One of the main jobs on the building this week is constructing the verandah frame.

The framing bed had to be rebuilt and extended to cope with the extra long frame. This meant extending it out over the old concrete track at the back of the basecamp.

Each frame in turn has been constructed on the framing bed, the verandah frame is the latest to be jointed together in this way. Doing it like this means the timbers can be cut, jointed and put together prior to the parts all being lifted over into their finished positions in the building.

In the picture above you can see that the uprights have been held in place with ratchet straps while the tenons have been cut on the end of them. The long beam which forms the wall plate at the top of the frame is then moved using the tripods with blocks and tackle. This allows it to be lowered and marked and then lifted to have the mortices cut prior to being lowed and attached.

This frame also has a number of windbraces in it.

They stop the building from racking, or twisting over time, and also add to the appearance of the finished structure. They are the short angled timbers in the picture above, it all means quite a bit of complicated roundwood timber joinery, which the guys on the framing team have been coping with admirably.

Once the frame has been completed it will be lifted onto its padstones.

You can see the line of stones waiting for it just to the left of willow (my collie dog).

Like the other structural timbers this frame is mainly made out of sweet chestnut from Ridden corner on Black Down. The long beam at the top is another of the larch poles we brought in from valewood, it will have a Swan Barn Farm oak under floor beam. I am really looking forward to seeing it in place as it will define the finished width of the building.

Ben Law’s team have now arrived on site in order to start on the main phase of construction of our new building. One of the first jobs that needs to be done is to build a framing bed.

Rudy, Adam and Nick have been building it today in what is ordinarily the back garden of the basecamp.

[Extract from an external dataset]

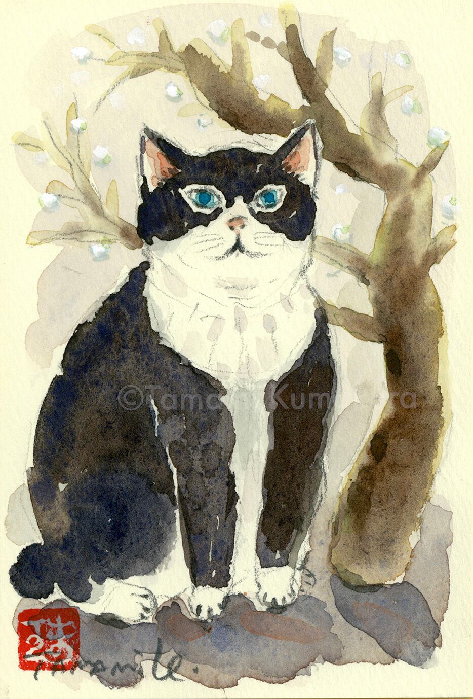 原画「猫と白梅」ポストカードサイズ

The framing bed is where the timbers that will make up the main A frames of the structure are fitted together and assembled prior to the frame being raised. The timbers it’s made of provide fixed points that can be measured from to ensure that when the frame is eventually raised all of the timbers will align correctly.

The uprights are made out of offcuts of sweet chestnut from the coppice, and the cross members are made out of the douglas fir we felled earlier in the year. When the bed is dismantled the douglas fir will be reused as roof rafters.

We have been busy milling as many rafters as possible, both for the framing bed and to start to build up a stock of them for the roof. In the picture above you can see how we have milled a square out of the middle of a log, 14 x 2 inch boards are being cut off this, which will then be cut in half to make 7 x 2 inch rafters. Its quite exciting to think ahead to the time when they will be going on to the roof.